Module layout (src/format/)
Section titled “Module layout (src/format/)”| Path | Responsibility |
|---|---|
emit.rs | Emit, EmitCtx, EmitError, Emitter, format_program, Block / Spanned<Block> emission |
policy.rs | Blank-line decisions |
expressions_emit.rs | Expression and related expression shapes |
statements_emit.rs | Statements; parenthesized if / while conditions |
types_emit.rs | Types, paths, parameters, fields |
items/ | Top-level and member items split by file (root_emit, declarations_emit, functions_emit, attributes_emit, helpers) |
format/mod.rs re-exports the public surface: Emit, EmitCtx, EmitError, Emitter, format_program.
Adding a new syntax node to the formatter
Section titled “Adding a new syntax node to the formatter”- Parse / AST — ensure the node exists on the concrete AST used by analysis.
Emitimpl — addfn emitin the most natural module (expressions_emit.rsvsstatements_emit.rsvsitems/…).- Delegate — prefer
child.emit(w, cx)?over duplicating indent logic. - Policy — if the node introduces new vertical spacing needs, extend
policy.rsand thread throughEmitCtxrather than hard-coding double newlines at call sites. - Tests — add
*.input.bd/*.expected.bdunderbeskid_tests/fixtures/format/(any subdirectory; the harness walks recursively), then runpython3 scripts/bless_format_fixtures.pyfrom thecompiler/tree aftercargo build -p beskid_cli.
Idempotence and grouped expressions
Section titled “Idempotence and grouped expressions”The formatter aims for idempotence: format(parse(format(parse(x)))) should stabilize. Concrete example: if and while headers emit a parenthesized condition for a C#-like look.

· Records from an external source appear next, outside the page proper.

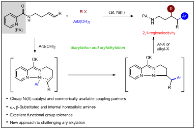 图1. 镍催化吡啶酰胺(PA)导向的高烯丙基胺的双碳官能团化
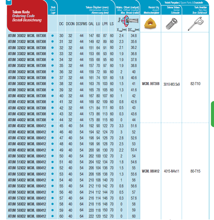 Vrtáky ATUM v rozsahu průměru 16 - 19,5mm. Vrtáky jsou kompatibilní s výměnnými břitovými destičkami WCM. 030208 Více
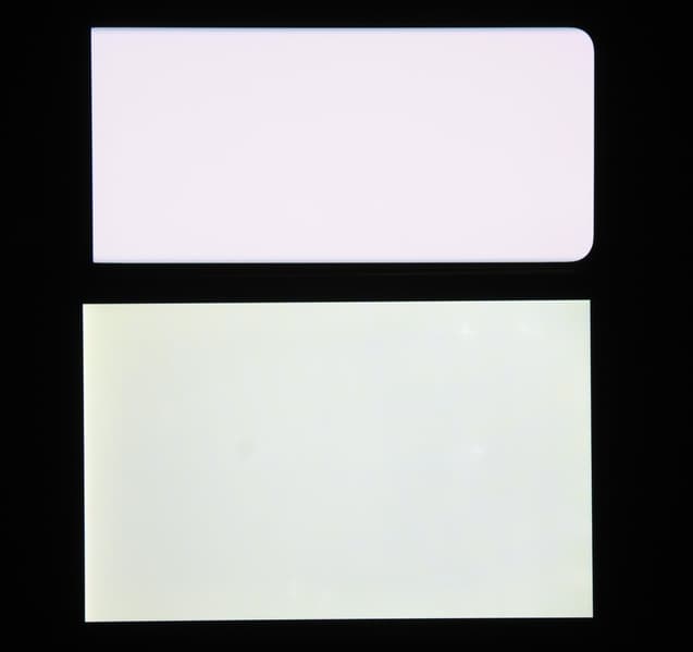 Отметим хорошую равномерность яркости и цветового тона белого поля (за исключением едва видимого затемнения и изменения оттенка к загнутым краям).
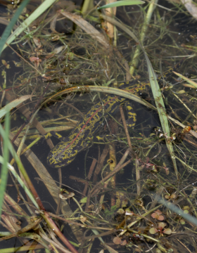 Qu’il est joli ce dragon lilliputien avec son ventre orange et son habit de panthère sur le reste du corps ! Du moins, si vous avez la chance d’en rencontrer un, car il se fait rare chez nous, le triton alpestre !
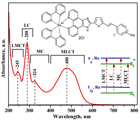 The optical absorption spectrum of Ru (II) heterocyclic complex is presented in Figure 4. The electronic transitions in this compound are observed both in the visible and in the near UV region. In addition to the MLCT transition, other important electronic transitions are summarized in the inset of Figure 4. The wide absorption band at 480 nm can be the result of overlapping of π → π* charge transfer in 1H-imidazo-phenantroline ligand and two MLCT processes: (t2g, Ru → π* substituted 1H-imidazo-phenantroline (ImPh) ligand) and (t2g, Ru → π* bpy ligand) transitions. In the UV range, high-energy transitions dominate in the process of intraligand π → π* charge transfer in bipyridine ligands (LC-ligand-centered) and ligand-to-metal charge transfer (LMCT) (πL → eg, Ru). The weak absorption band at 324 nm can be attributed to the transition between the metal orbitals (MC-metal-centered) (t2g, Ru → eg, Ru) [33,52,53].
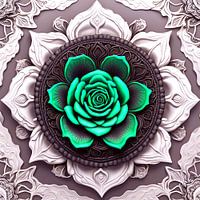Een filigraan vintage mandala met een groene rozenbloesem in het midden.
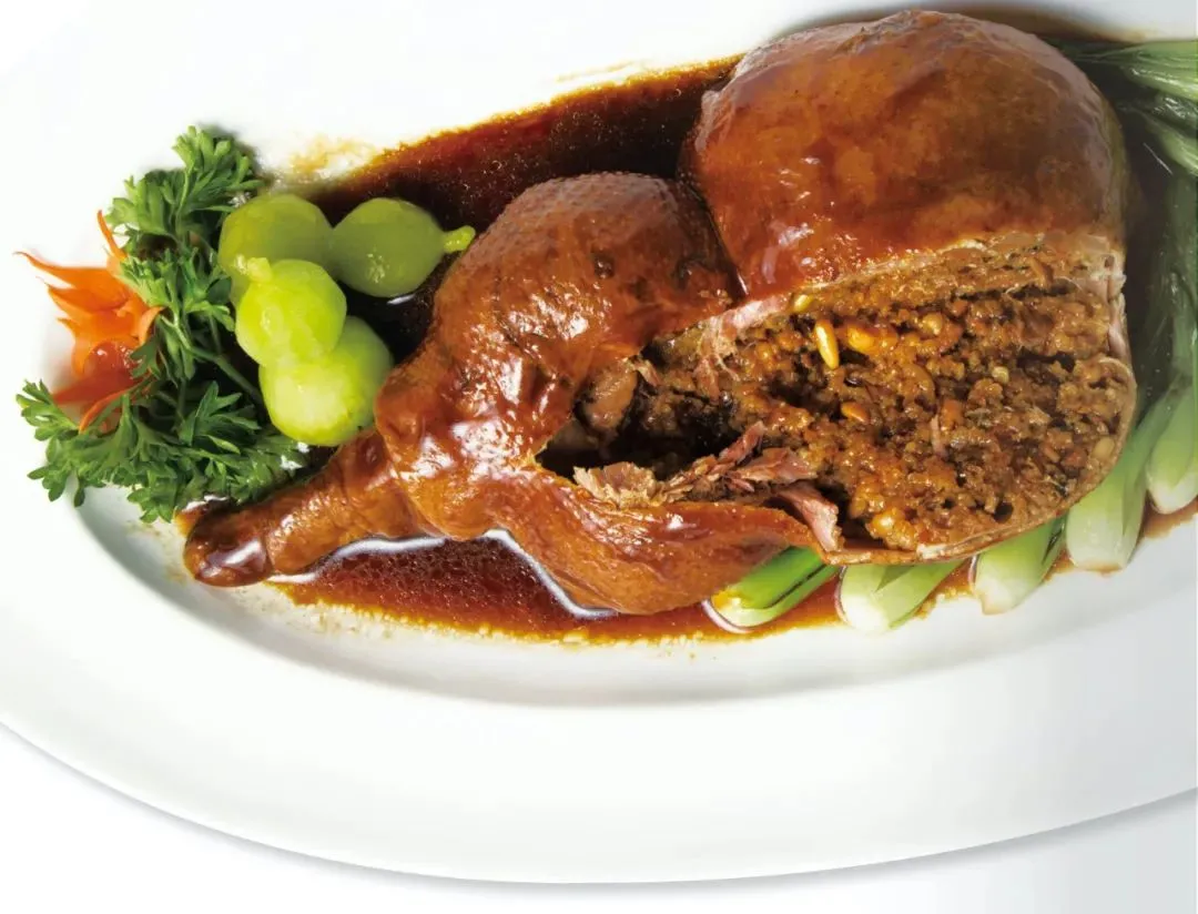 扬州有许多类似的菜,比如脱骨鱼也要将鱼骨全部剔除,保留完整的鱼皮,填满馅料;脱骨鸡也是类似。
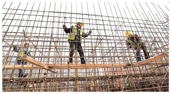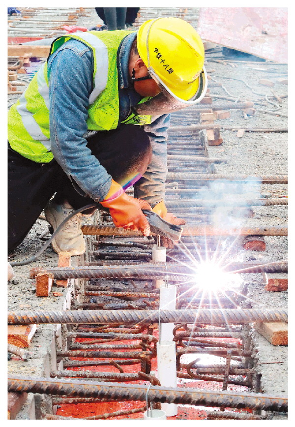 2月25日,记者在施工现场看到,尽管细雨纷飞,但工人施工热情高涨。
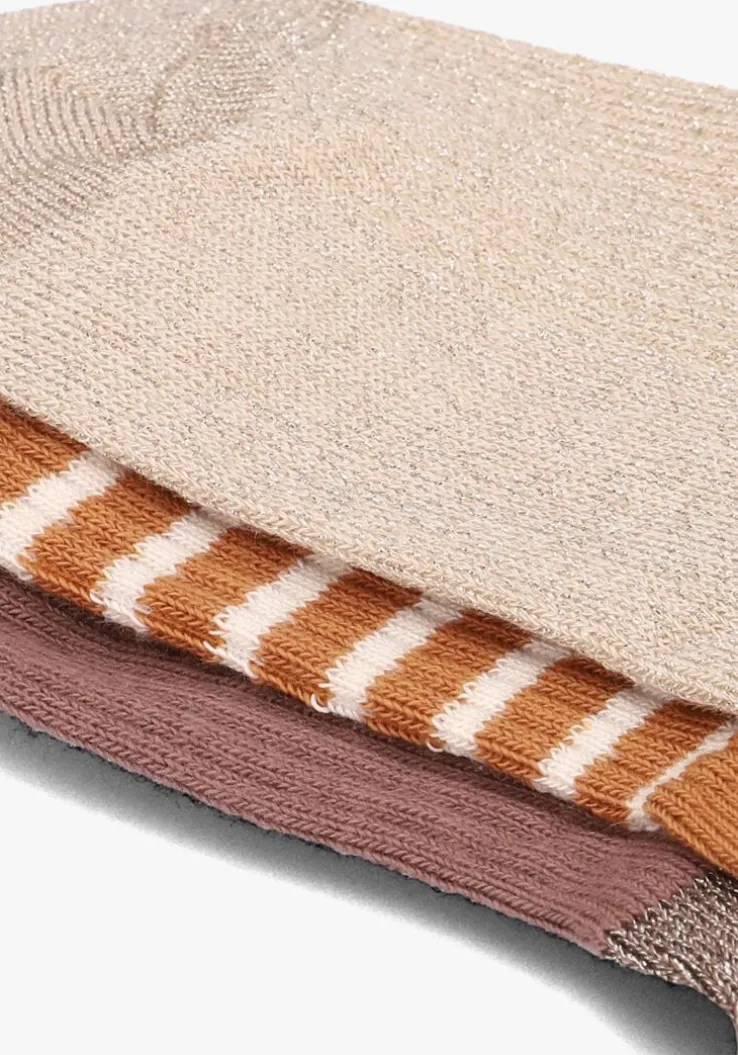 Deze leuke beige met bruine sokken zijn gemaakt van 72% Katoen, 17% Polyamide, 8% Metallic, 3% Elastaan.
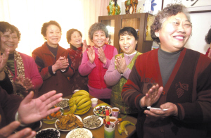 据介绍,四方区2007年拨出专项资金,在辖区成立了54个互助养老点,方便住在同一栋居民楼上的老人相互照看。春节临近,四方区500多名老人凑在一起提前过年,互道“过年好”。今天,民政部门把部分五保户老人接到福利院,让老人在春节期间有人照料。
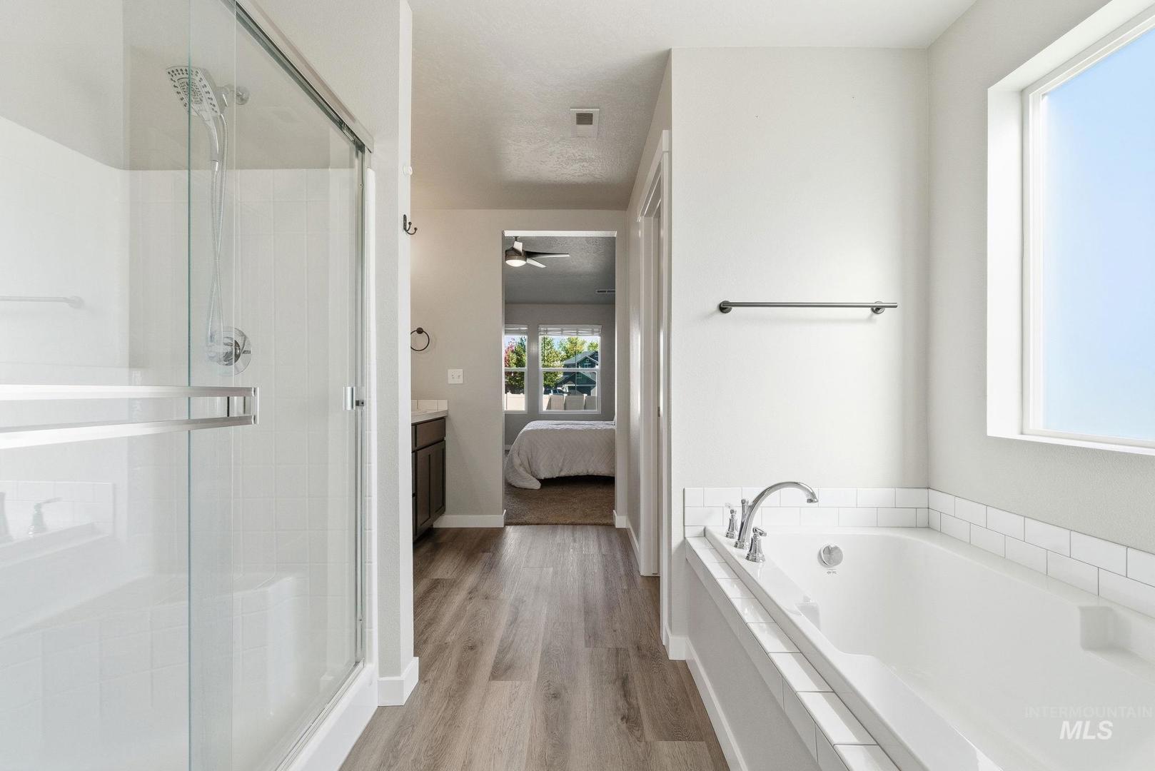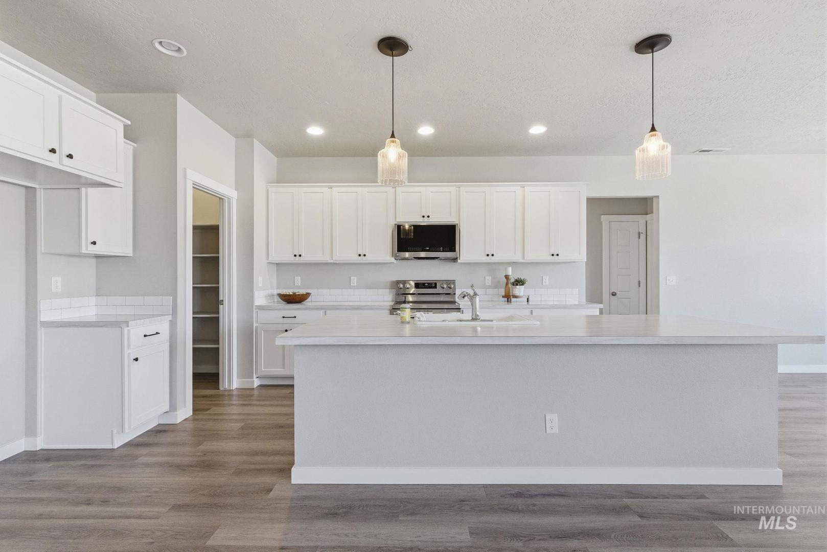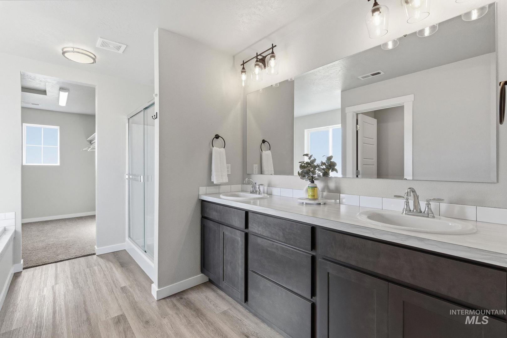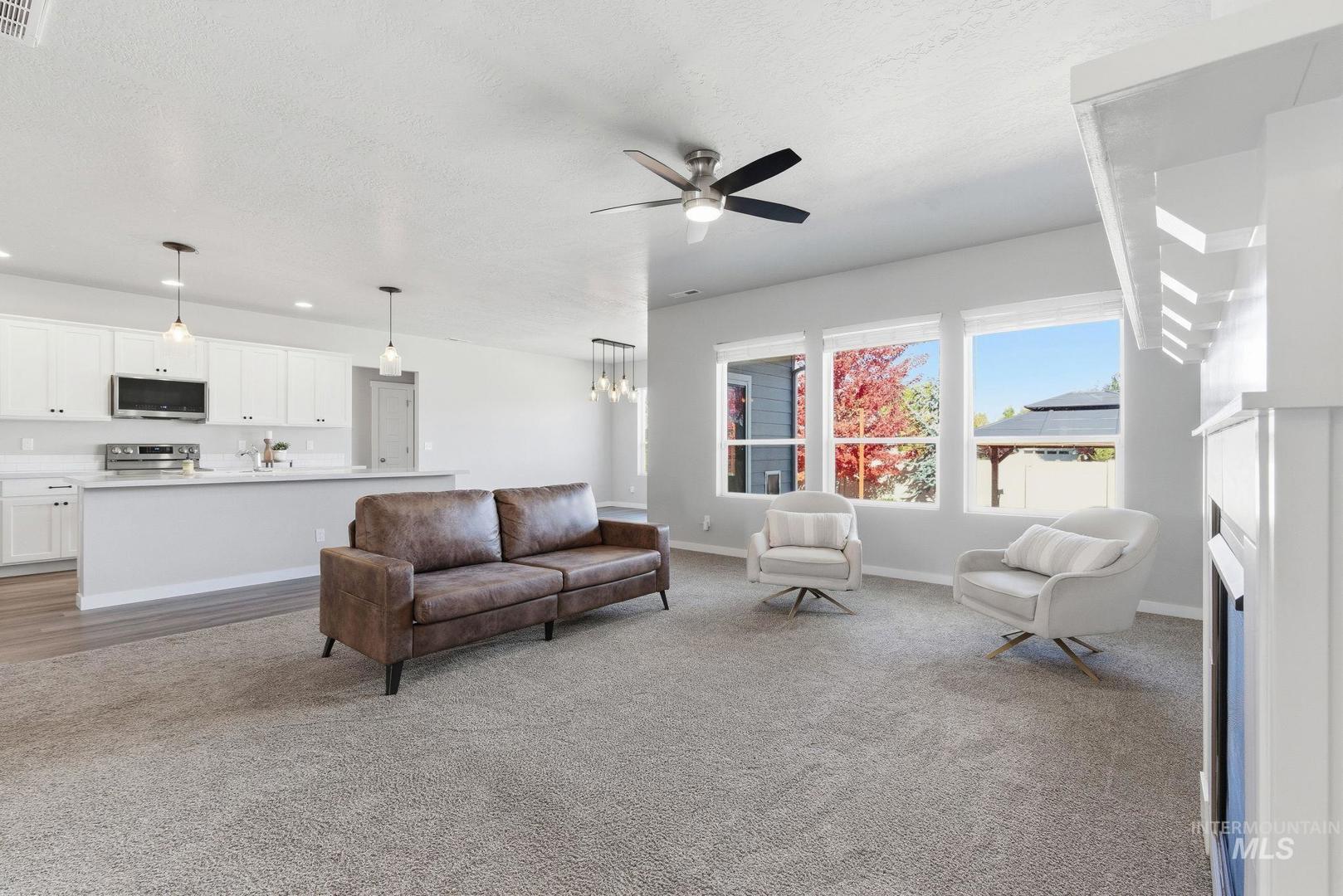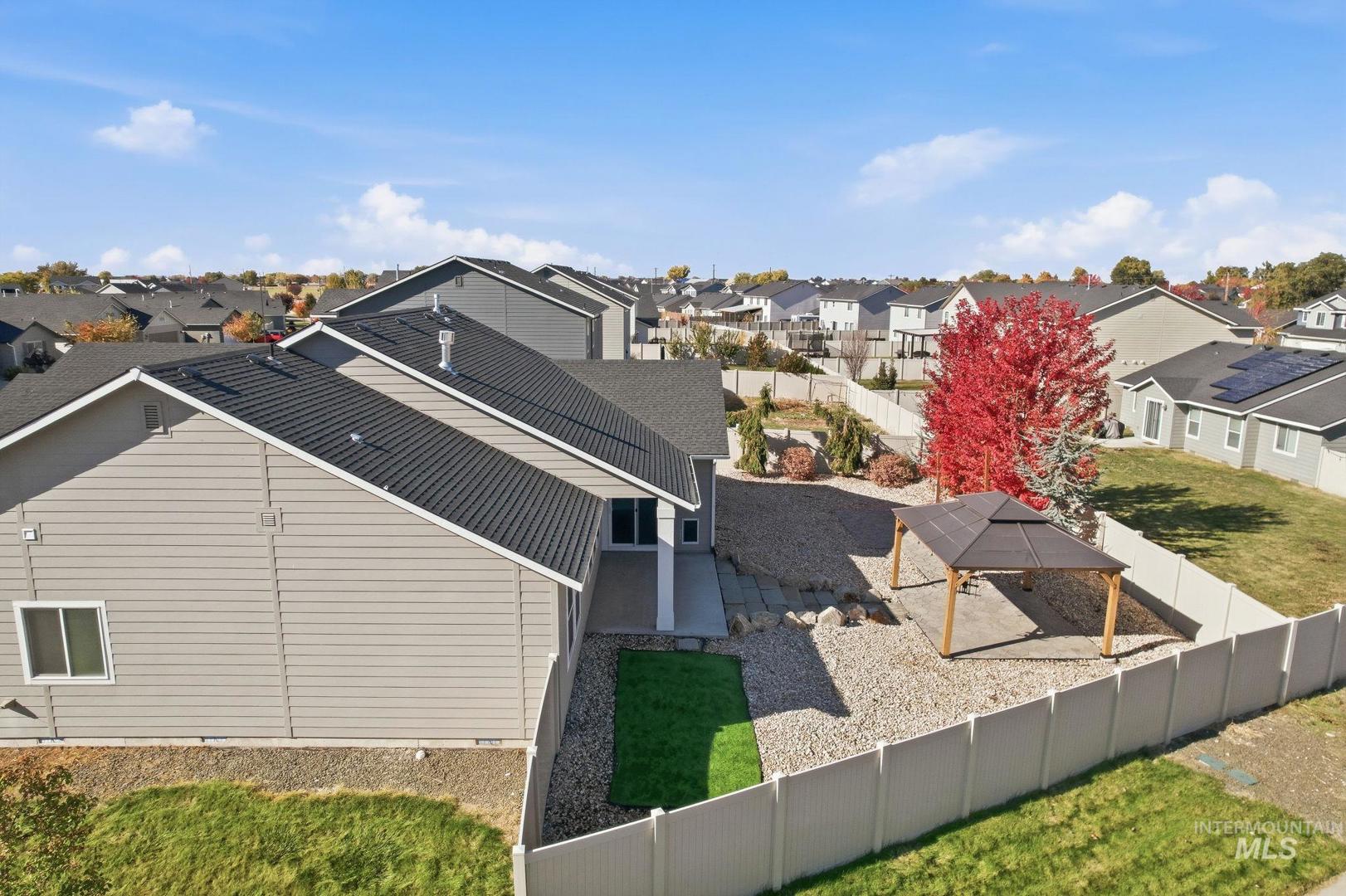 Welcome home to this spacious and beautifully maintained single-level home in desirable northeast Nampa! Offering over 2,100 square feet of comfortable living space, this 4-bedroom, 2-bathroom residence combines modern convenience with thoughtful design. Step inside to find an inviting open-concept layout featuring a bright living area, high ceilings, and a functional kitchen with generous counter space—perfect for both everyday living and entertaining. The split-bedroom floor plan ensures privacy, with a spacious primary suite complete with a walk-in closet and dual-sink vanity. Out back, enjoy Idaho evenings in the low-maintenance xeriscaped backyard, designed for relaxation and outdoor enjoyment. The yard features beautiful paver walkways and a large gazebo, ideal for gatherings or quiet moments outdoors. Additional highlights include a three-car garage, plenty of storage, RV or boat parking and a convenient location close to shopping, parks, and freeway access.

If the condition is already a grouped expression (( … ) in the AST), the emitter must not add another pair of parentheses or the tree would grow on each pass.
That logic lives in emit_parenthesized_condition in statements_emit.rs: grouped conditions delegate to condition.emit only; other shapes wrap with literal ( ).
Use the same pattern whenever syntax allows redundant grouping that your emitter might re-introduce.
CLI and LSP
Section titled “CLI and LSP”- CLI:
beskid formatreads a file or directory, parses, runsformat_program, then writes stdout,--output,--write, or validates with--check. - LSP: the formatting handler calls the same
format_programon the parsed buffer; range formatting currently replaces the full document (see LSP architecture).
Both paths require a successful parse; there is no best-effort partial format on parse errors.
Regression testing (compiler repo)
Section titled “Regression testing (compiler repo)”- Coverage policy: Test harnesses and fixtures.
- CI:
nox -s format_regressionandbeskid format --checkon the fixture tree; LSP unit testsinclude_str!thedocs_and_controlfixture to assert the handler matchesformat_program. - Corelib (optional):
BESKID_FORMAT_CORPUS=1withnox -s format_corpus_corelibrunsscripts/format_corpus_check.py.